Bıttı translate French
28 parallel translation
Soruşturma bıttı. Yakalandılar.
L'enquête est finie.
Hayır. Ama eğer benim zıttım olan... kişilerden etkileniyorsa... ben ona yönelirken o bana yönelmiyorsa... ve aşkıma duyduğum inanç yıkılırsa... o halde onu sevmeyi bırakırım.
Non, mais si elle est fondamentalement attirée par des gens qui sont le contraire exact de moi, si elle n'est pas cette fille que je croyais faite pour moi, comme je me crois fait pour elle,
Çünkü bunda sapıttık mı tiyatronun özünden ayrılmış oluruz. Başlangıçta olduğu gibi bugünde tiyatronun amacı bir anlamda doğaya ayna tutmaktır. Erdeme kendi yüzünü, kusura camdaki hayalini ve tümüyle çağın toplumuna kendi biçim ve kalıbını göstermektir.
Car toute exagération s'écarte du propos du théâtre, dont l'objet a toujours été et demeure de tendre un miroir à la nature, de montrer à la vertu et au mépris leur propre image et à la société de ce temps,
Dikkatini iyi dağıttın, B.!
- Belle diversion!
Sana, anneme ve herkese bakıyorum da, hepiniz bıcıttırmışsınız.
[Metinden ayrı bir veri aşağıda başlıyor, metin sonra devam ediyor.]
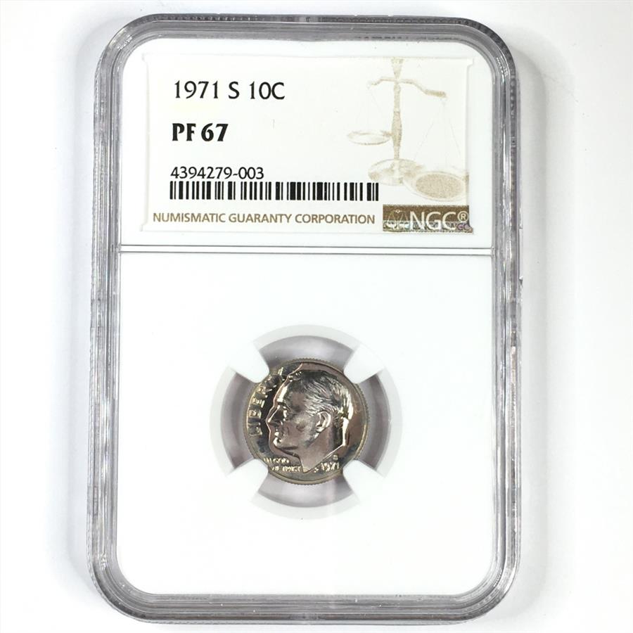 1971-S Proof Roosevelt Dime*Graded PF67 by NGC

Toi, maman, tous les gens que je vois sont tout tournebouclés.
- B'lik bir kağıttı.
- Ça valait B.
Moskova'da John'u aptal yerine koydular orada rehinelerin serbest bırakılmasıyla ilgilenen eski bir KGB'li yoktu kendini FSB'nin bir binbaşısı olarak tanıttı...
Ils avaient raconté des tas de conneries à John à Moscou. Il n'y avait aucun gros bonnet ex KGB qui échange les otages. Le gars me dit qu'il était un officier du FSB.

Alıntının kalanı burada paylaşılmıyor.